Human Knowledge Integrated Multi-modal Learning for Single Source Domain Generalization¶

CVPR 2026 Medical Imaging Single source domain generalization vision-language model causal coverage conformal inference diabetic retinopathy LoRA fine-tuning MedGemma

Conference: CVPR 2026 arXiv: 2603.12369 Code: IMPACTLabASU/GenEval Area: Medical Imaging Keywords: Single source domain generalization, vision-language model, causal coverage, conformal inference, diabetic retinopathy, LoRA fine-tuning, MedGemma

TL;DR¶

This paper proposes GenEval, which quantifies causal coverage gaps via a Domain Conformal Bound (DCB), distills human expert knowledge, and integrates it with a medical VLM (MedGemma-4B) through LoRA fine-tuning for single source domain generalization (SDG), achieving substantial gains over baselines on DR grading and seizure onset zone (SOZ) detection.

Background & Motivation¶

Domain generalization challenge: Medical image classifiers suffer severe performance degradation under cross-domain deployment. Existing DG methods fail to consistently and significantly outperform ERM on DR grading (e.g., SPSD-ViT surpasses ERM-ViT by only 1.3%, \(p=0.09\), not significant).

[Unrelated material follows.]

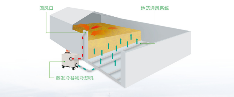 全系列采用全变频系统设计,结合高静压大风量送风设计,通过离心风机把粮仓顶部热空气吸入机组内部,热空气经过蒸发器后被冷却除湿,然后系统再把冷空气送入粮仓底部地笼,通过地笼送风系统,冷空气穿透粮堆,与粮食进行热湿交换,可快速降低粮堆内部温度,实现粮食整仓降温除湿的效果,保持仓内温度均匀,维持粮堆温度降低至15℃以下,为新粮储存质量提供保障。
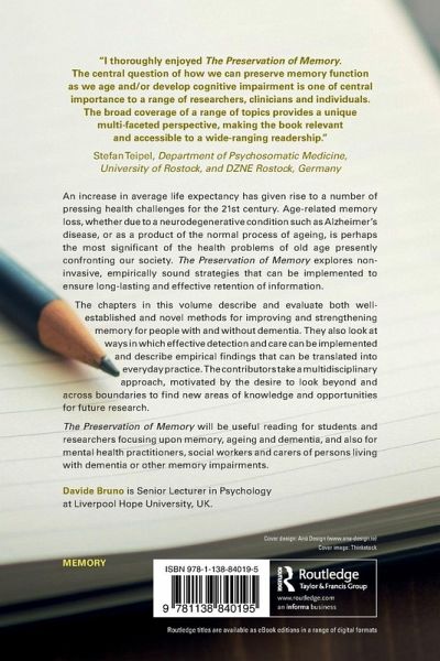 The Preservation of Memory explores non-invasive, empirically-sound strategies which ensure long-lasting and effective retention of information for individuals which are coping with the effects of age-related memory loss. It will be essential reading for students and researchers focusing upon memory, aging and dementia, and also clinical practitioners working in this area.

SDG is more challenging: Clinical settings often provide only a single source of training data, making SDG harder than multi-domain generalization (MDG), with SOTA methods performing even worse.

Missing causal coverage: Causal factor gaps exist across domains—e.g., EyePACS contains neovascularization markers absent in Messidor, causing models trained on Messidor to misclassify EyePACS samples.

Lack of causal coverage quantification: Domain generalization theoretically requires both causal coverage and source risk minimization, yet no objective method previously existed to quantify the degree of causal coverage.

Human knowledge is valuable but ambiguous: Domain experts possess knowledge that can bridge causal gaps, but this knowledge is qualitative and ambiguous (e.g., microaneurysms vs. venous hemorrhage are easily confused), necessitating quantification and refinement.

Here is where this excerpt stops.